What is being asked:
An exact copy of every record, without the pictures, is what should come back.

================================

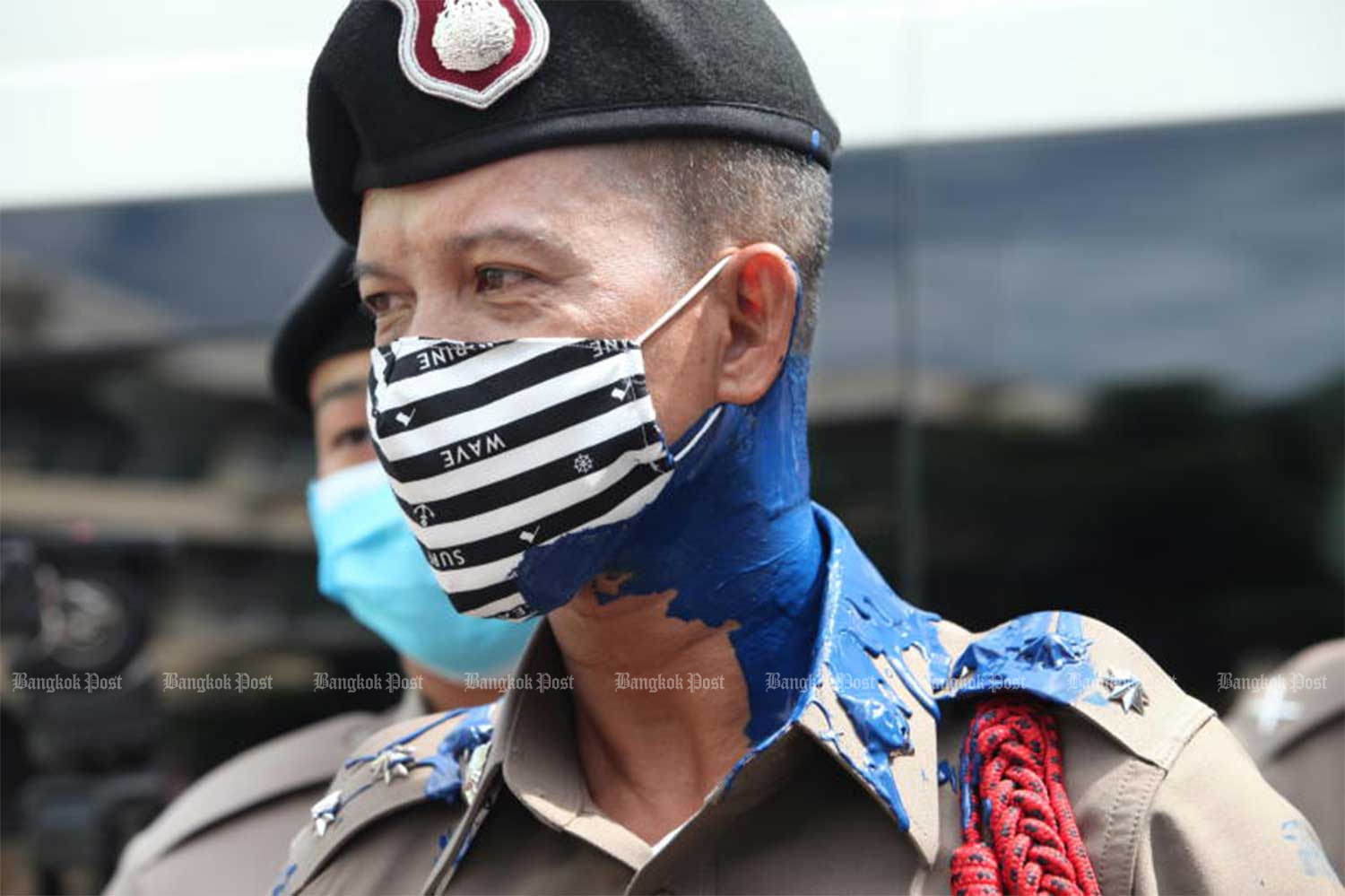 Angry supporters removed the barriers. Singer-songwriter Chai-amorn Kaewwiboonpan, known as Ammy of the Bottom Blues band, threw a container of blue paint at police, soaking some of them.
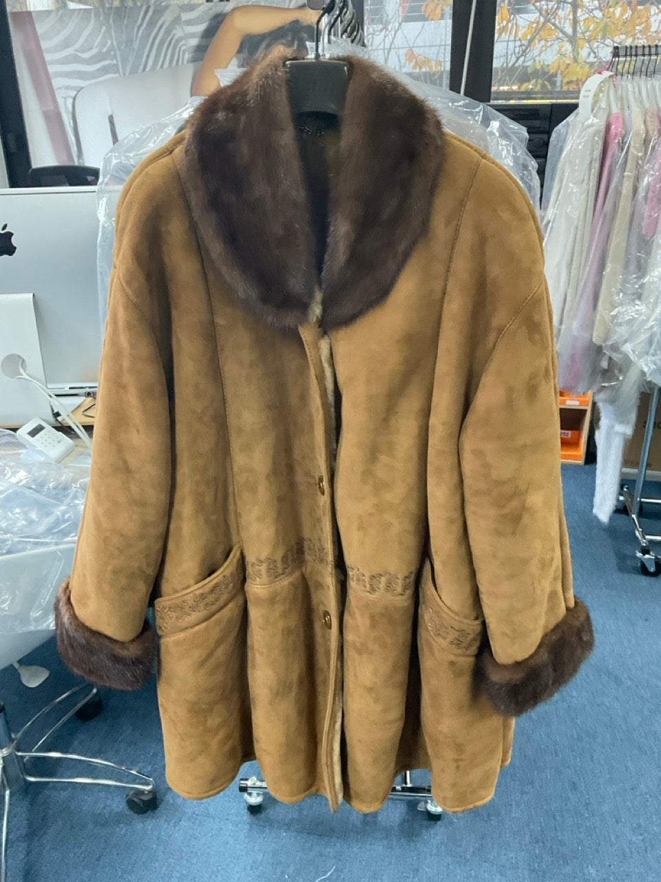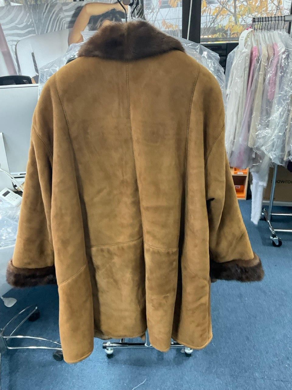 Veste longue en peau retournée type daim
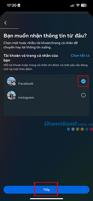 Tiếp theo, chọn tài khoản Facebook mà mọi người muốn tải xuống thông tin và nhấn Tiếp.
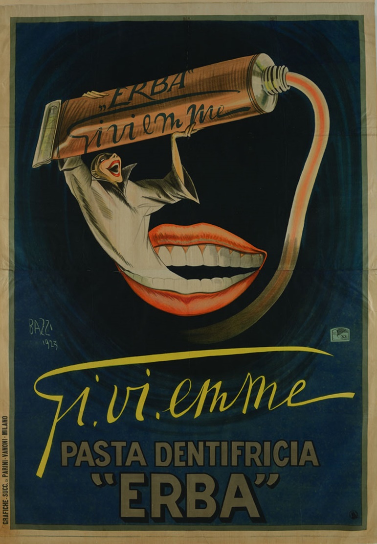 Il dentifricio Erba-Giviemme aveva un problema, anzi due: il primo era un reparto marketing che evidentemente dava impiego a dei disturbati, visto che i grafici producevano locandine tipo questa, in un’epoca in cui non è che fosse molto normale pubblicizzare prodotti per l’igiene orale ricorrendo all’immaginario di spettri col trucco da drag che fuoriescono dalle labbra schiuse delle clienti.
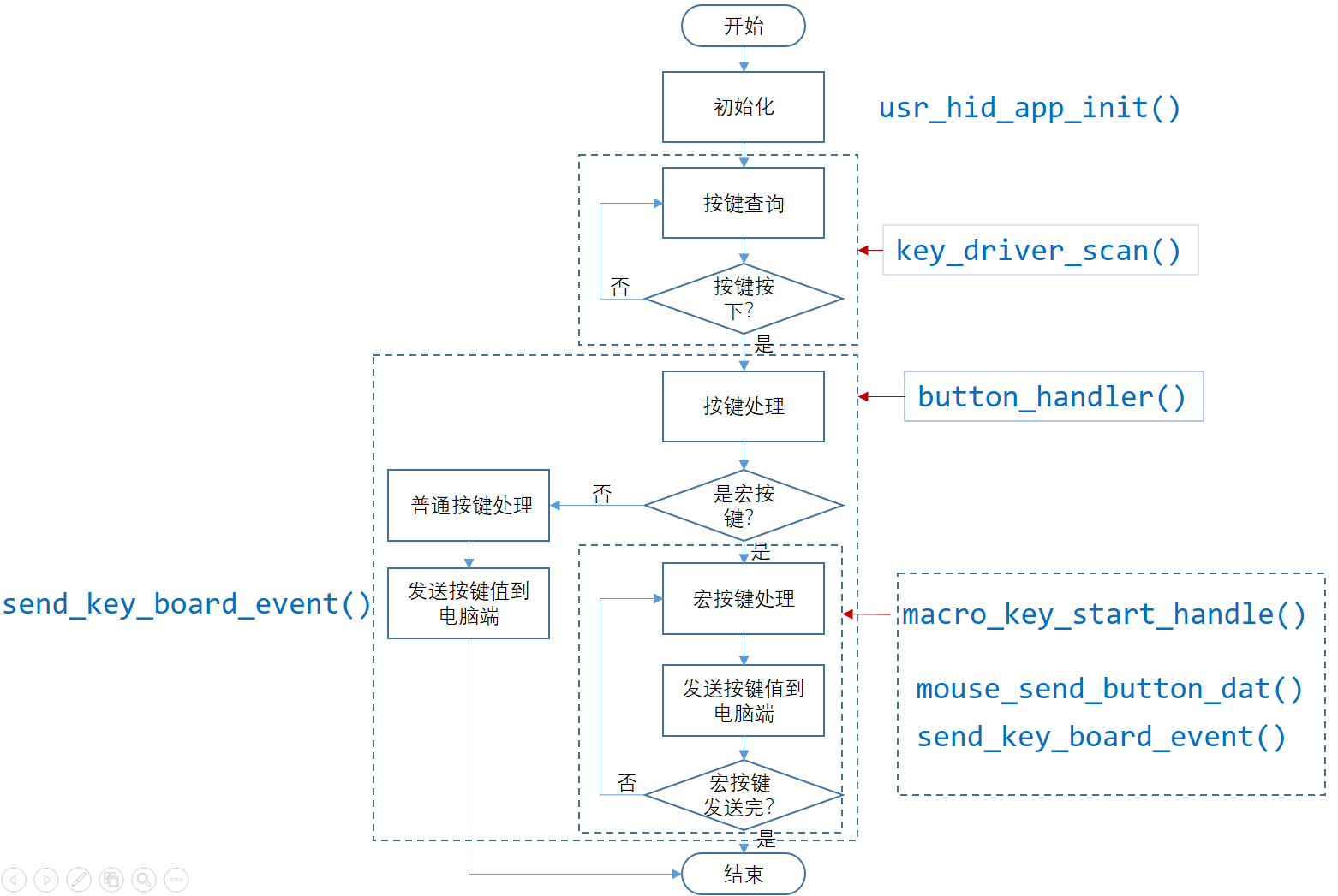 - void button_handler(u8 k_id,bool pressed);按键处理,根据配置信息对按键事件进行处理,上报按键事件给电脑。
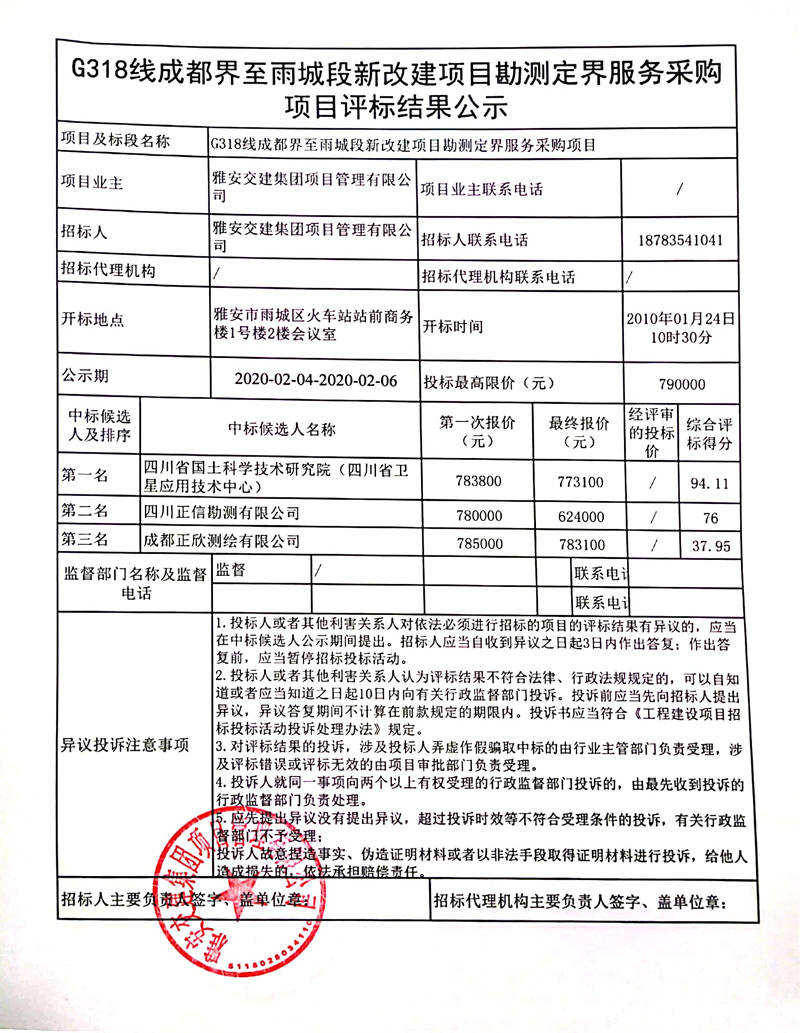 雅安交建集團(tuán)項(xiàng)目管理有限公司G318線(xiàn)成都界至雨城段新改建項(xiàng)目勘測(cè)定界服務(wù)采購(gòu)項(xiàng)目評(píng)標(biāo)結(jié)果公示
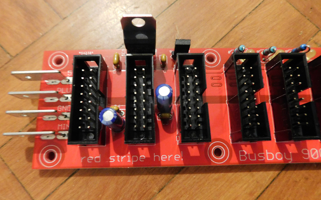 The new version of the Busboy 9000, a small format, 9 position shrouded header busboard for eurorack cases.
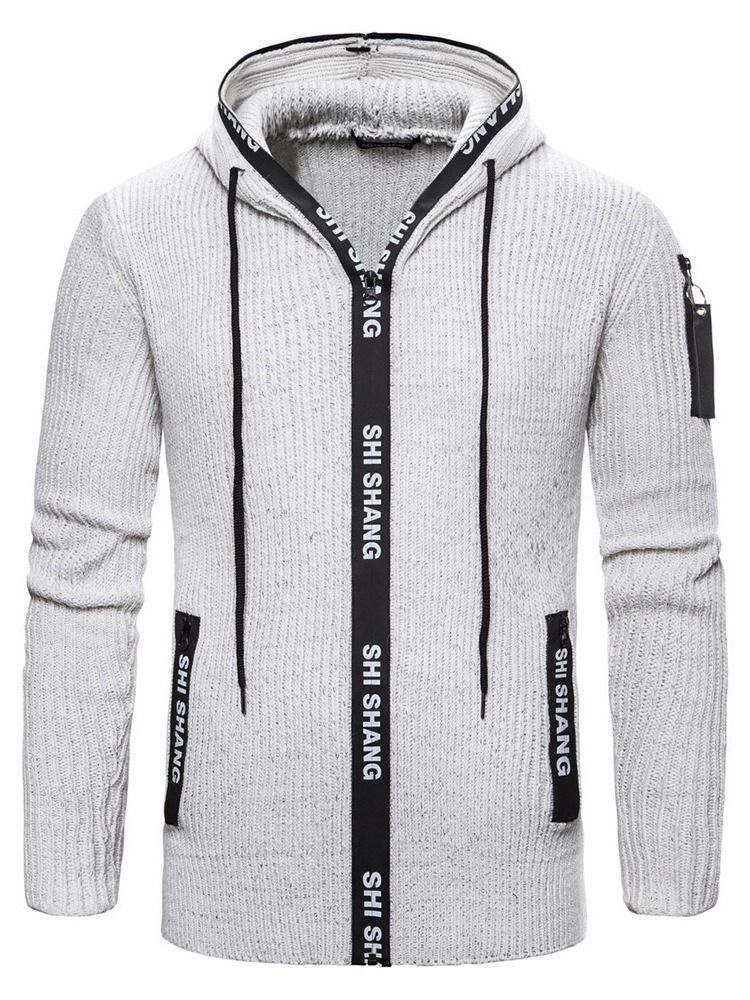 Pocket Standard Hooded Zipper Men's Slim Sweater

================================

Exercise result:
 Angry supporters removed the barriers. Singer-songwriter Chai-amorn Kaewwiboonpan, known as Ammy of the Bottom Blues band, threw a container of blue paint at police, soaking some of them.
 Veste longue en peau retournée type daim
 Tiếp theo, chọn tài khoản Facebook mà mọi người muốn tải xuống thông tin và nhấn Tiếp.
 Il dentifricio Erba-Giviemme aveva un problema, anzi due: il primo era un reparto marketing che evidentemente dava impiego a dei disturbati, visto che i grafici producevano locandine tipo questa, in un’epoca in cui non è che fosse molto normale pubblicizzare prodotti per l’igiene orale ricorrendo all’immaginario di spettri col trucco da drag che fuoriescono dalle labbra schiuse delle clienti.
 - void button_handler(u8 k_id,bool pressed);按键处理,根据配置信息对按键事件进行处理,上报按键事件给电脑。
 雅安交建集團(tuán)項(xiàng)目管理有限公司G318線(xiàn)成都界至雨城段新改建項(xiàng)目勘測(cè)定界服務(wù)采購(gòu)項(xiàng)目評(píng)標(biāo)結(jié)果公示
 The new version of the Busboy 9000, a small format, 9 position shrouded header busboard for eurorack cases.
 Pocket Standard Hooded Zipper Men's Slim Sweater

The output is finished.